# Walmart worms



## rosal548 (Nov 1, 2003)

Any of you guys buy Walmart worms in the fishing bait section and feed your P's ? I heard that this is supposed to be really healthy.


----------



## PiranhasaurusRex (Feb 23, 2004)

rosal548 said:


> Any of you guys buy Walmart worms in the fishing bait section and feed your P's ? I heard that this is supposed to be really healthy.












That is the majority of my P's diet. I have 3 3.5-4" and when I put a nightcrawler in, it never gets close enough to see the bottom.


----------



## fiveo93 (Jan 19, 2004)

my p's love canadian nightcrawlers, and yes i get em from walmart too


----------



## Atlanta Braves Baby! (Mar 12, 2003)

Yup I buy those too. My Ps love them!


----------



## Guest (Oct 27, 2004)

I always go to the local park and turn over rotting logs and leaves and collect the worms underneath. But some areas don't have high populations of worms. It must have something to do with the soil composition.

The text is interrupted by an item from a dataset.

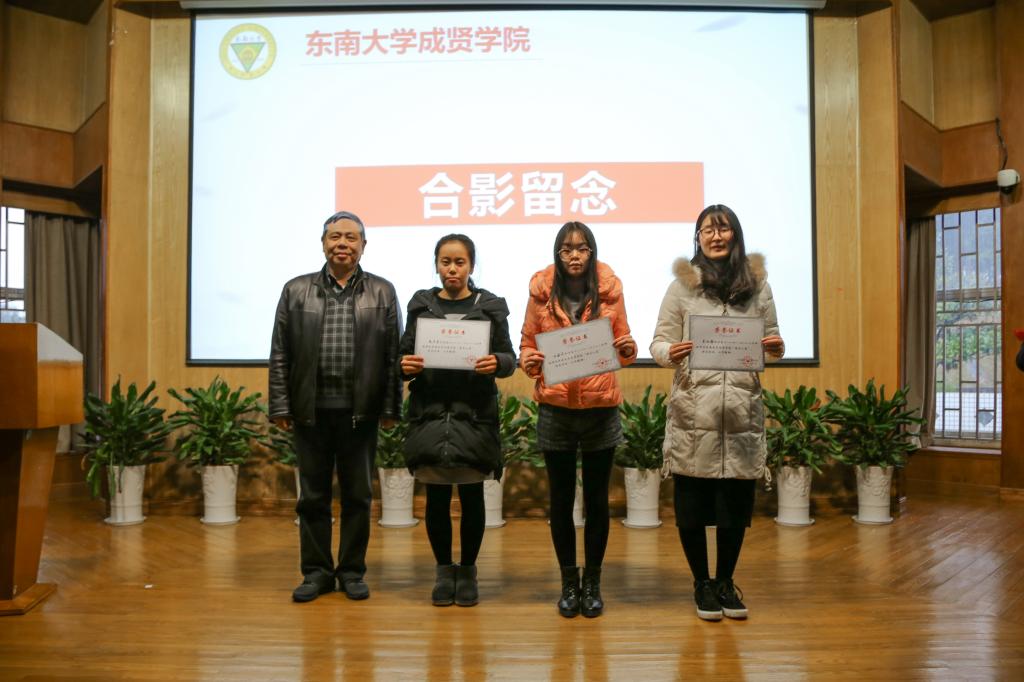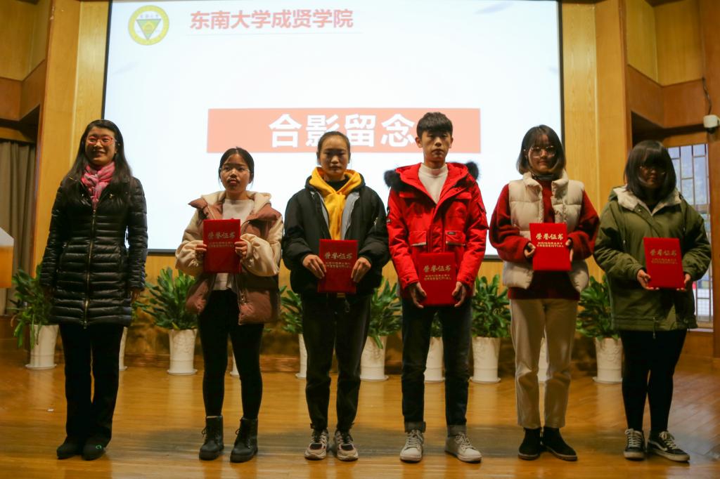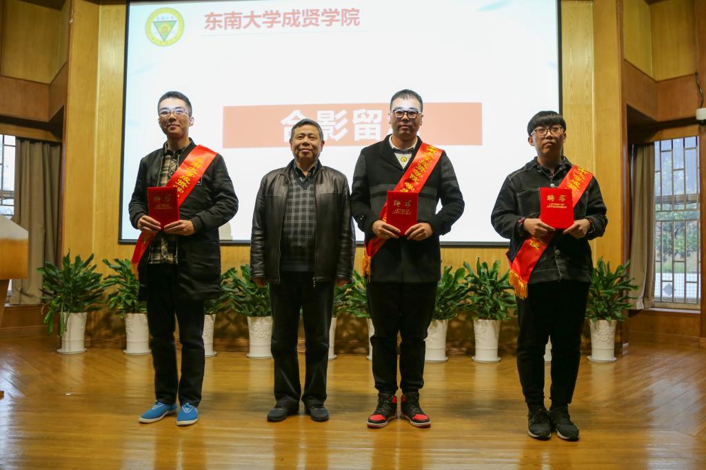 仪式上,沈黎芳老师宣读了学生资助宣传大使的聘任决定,唐小平处长为李嘉琨、李润印、房楚尧三位国家奖学金获得者颁发资助宣传大使聘书、佩戴绶带,并为荣获东南大学成贤学院“励志之星”的学生代表颁发了荣誉证书。学生处资助管理中心刘计婷老师和张平老师分别为勤工助学先进集体、先进个人代表颁奖。

I have never fed store-bought earthworms, but I am yet to hear of anyone having any problems with these.


----------



## shutter13 (Jun 23, 2004)

my P's love nightcrawlers from the bait shop









i think its the wiggling of the drowning worm that makes em go crazy


----------



## Phtstrat (Sep 15, 2004)

I've heard that red wigglers are usually better than earthworms.


----------



## rosal548 (Nov 1, 2003)

thank you guys


----------